Sadece orijinaliyle karşılaştırıldığında, Mo Beijun işleri daha ayrıntılı bir şekilde yapmıştı. He-he-he, Luo Binghe’nin iblis kanını bastıran mührü doğrudan açtı.
—Bölüm 26’nın sonu—
[1] Mo Beijun (漠北君): Airplane Towards the Sky sayesinde çok gerçek bir isimle eyerlenen başka bir zavallı adam. Adı doğrudan soyuna çevrilir, yani Mo (Çöl) Bei (Kuzey) Jun (Beyefendi/Lord/Hükümdar). Yani Kuzey Çölü Lordu/Hükümdarı en yakın yaklaşımdır.
[2] Great One (大大): Bunun “baba” mı yoksa “harika” mı olduğundan emin değilim. Ama anlam hemen hemen aynı.
[3] “Bu beyefendi…”: Kullanılan terim, oldukça resmi bir konuşma biçimi olan gexia’dır (閣下). Güvenilir küçük sözlüğüm, “Ekselansları” anlamına geldiğini söylüyor.

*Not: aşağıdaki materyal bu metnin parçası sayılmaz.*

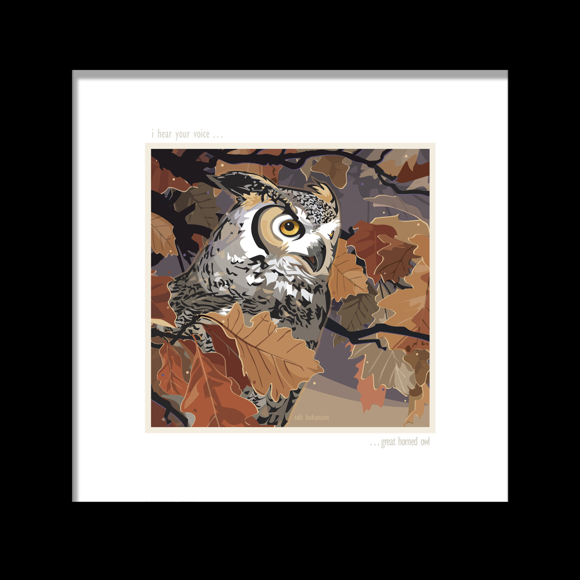 In this original illustration titled "I Hear Your Voice - Great Horned Owl" by Sandy Hokanson, a Great Horned Owl looks out from his perch amid richly colored oak leaves. Daylight is fading, night descending. She's heard the call of her mate and is about to answer. This image is available as a note card, a signed 12" x 12", or a signed 16" x 16" metal print.
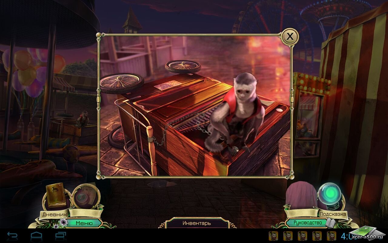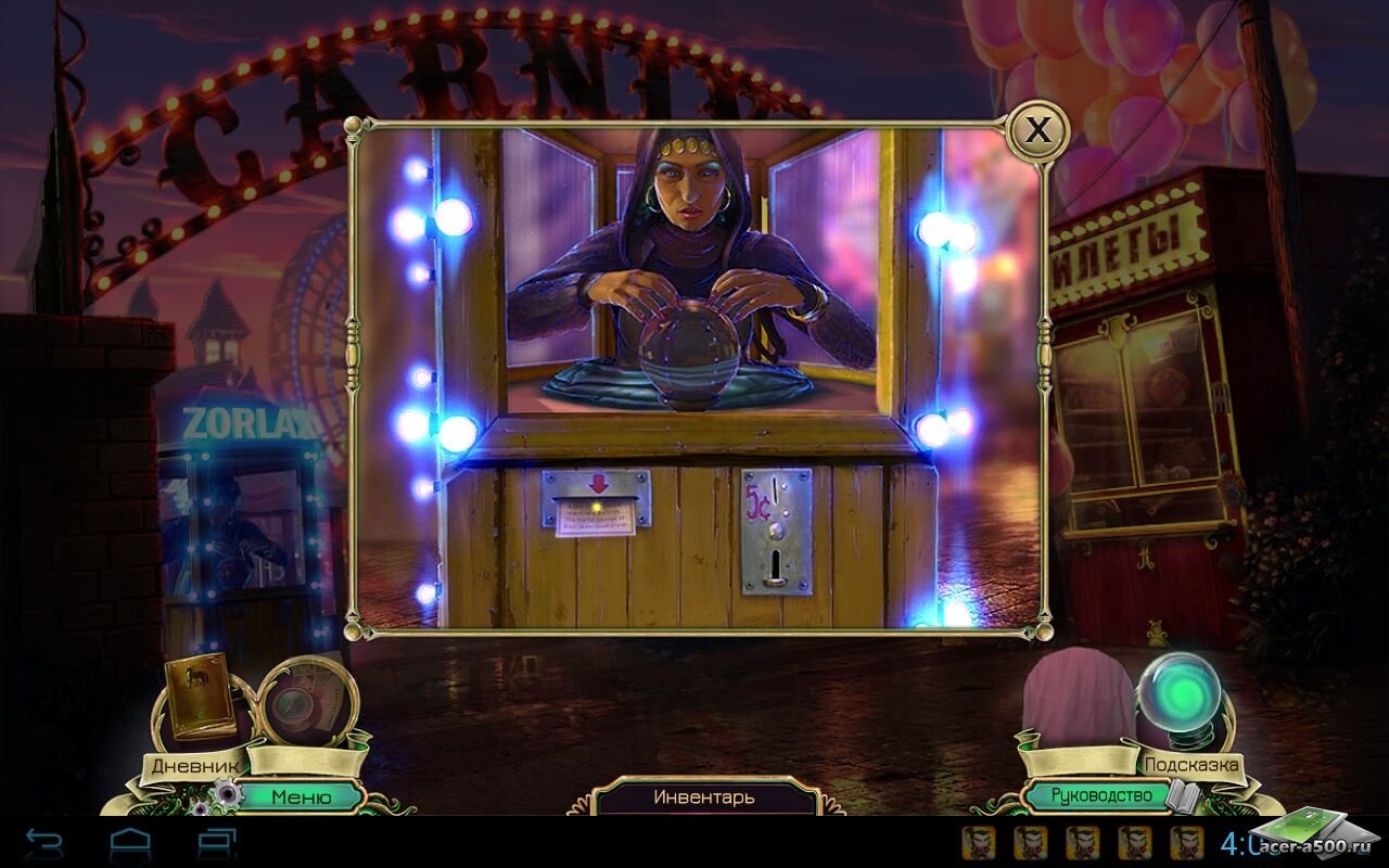 Dark Arcana: Тайна ярмарки - невероятное приключение, в котором вам придется столкнутся с воплощением зла! В город прибыла загадочная ярмарка, которая принесла с собой мрачную атмосферу и множество тайн. Вдруг неожиданно происходит исчезновение молодой женщины, и теперь только вы сможете разгадать тайну этого исчезновения. Сделайте это, пока еще не поздно! Вам предстоит узнать устрашающую легенду о некоем мистическом зеркале, которое является ключом ко всем судьбам. Вам предстоит исследовать два мира, мир в котором вы живете и мир, находящийся в ярмарочной комнате смеха. Вам предстоит раскрыть тайну Лукавого - древнего существа, узнать о трагической истории ярмарочника, который много лет назад случайно убил свою невесту. Вам предстоит исследовать зловещие и в то же время красочные локации, а также предотвратить очередное преступление Лукавого! В игре вас ждет 48 зловещих и загадочных локаций, 18 сцен со скрытыми предметами, 28 сложных мини игр, 21 достижение и бонусная глава!

[4] Bir boğa ya da at kadar sıkı çalıştı (當牛做馬): Birisi ya da bir şey için köle olmak anlamına gelen bir söz. Bu bağlamda, boğaların ve atların nasıl ağır iş için çiftlik hayvanları olduklarına atıfta bulunulmaktadır.
[5] …ateşli ve anlayışlı gözler (如炬的火眼金睛): Bunu çevirmek zordu. Kelimenin tam anlamıyla, Binghe’nin meşale benzeri/ateşli gözleri olduğunu söylüyor. Huo yan jin jing (火眼金睛) daha karmaşıktır ve kelimenin tam anlamıyla ‘ateşli gözler ve elmas gözbebekleri’ olarak tercüme edilir. Ancak anlamı, daha çok delici / ayırt edici gözleri var gibi.
[6] ‘Bilmiyorum önce gökler gelir sonra yer’ (不知天高地厚): Benim yorumuma göre yerini bilmeyen biri anlamına gelen bir ifade. Sözlüğüm bana ‘şeylerin karmaşıklığı’ anlamına gelen ‘gökler kadar yüksek ve dünya kadar derin’ veriyor.
[7] …Değer jin veya liang’dadır…: Jin (斤) ve liang (兩) ağırlık birimleridir. Mo Beijun, temel olarak, Binghe’nin boşboğaz olup olmadığını veya bunu destekleyecek güce sahip olup olmadığını göreceğini söylüyor.
[8] Ateşli kırmızı mühür (紋章): Wen zhang, “arma” anlamına gelir, ancak kulağa “mühür” olarak daha iyi geldiğini düşünüyorum. Anladığım kadarıyla, bu ‘mühür’ hem kanını kilitleyen mührün artığı hem de iblis soyunun tanımlayıcısı. Çin kültüründe mühür damgaları, en fazla birkaç Çince karakter (veya tek bir karakter) olabilen, ancak bir bireye veya belirli bir aileye/klana/neye sahip olduğunuza göre kişiselleştirilebilen önemli küçük şeylerdir. Yardımcı olacaksa alnında parlayan tek bir kırmızı Çince karakter hayal edebilirsiniz.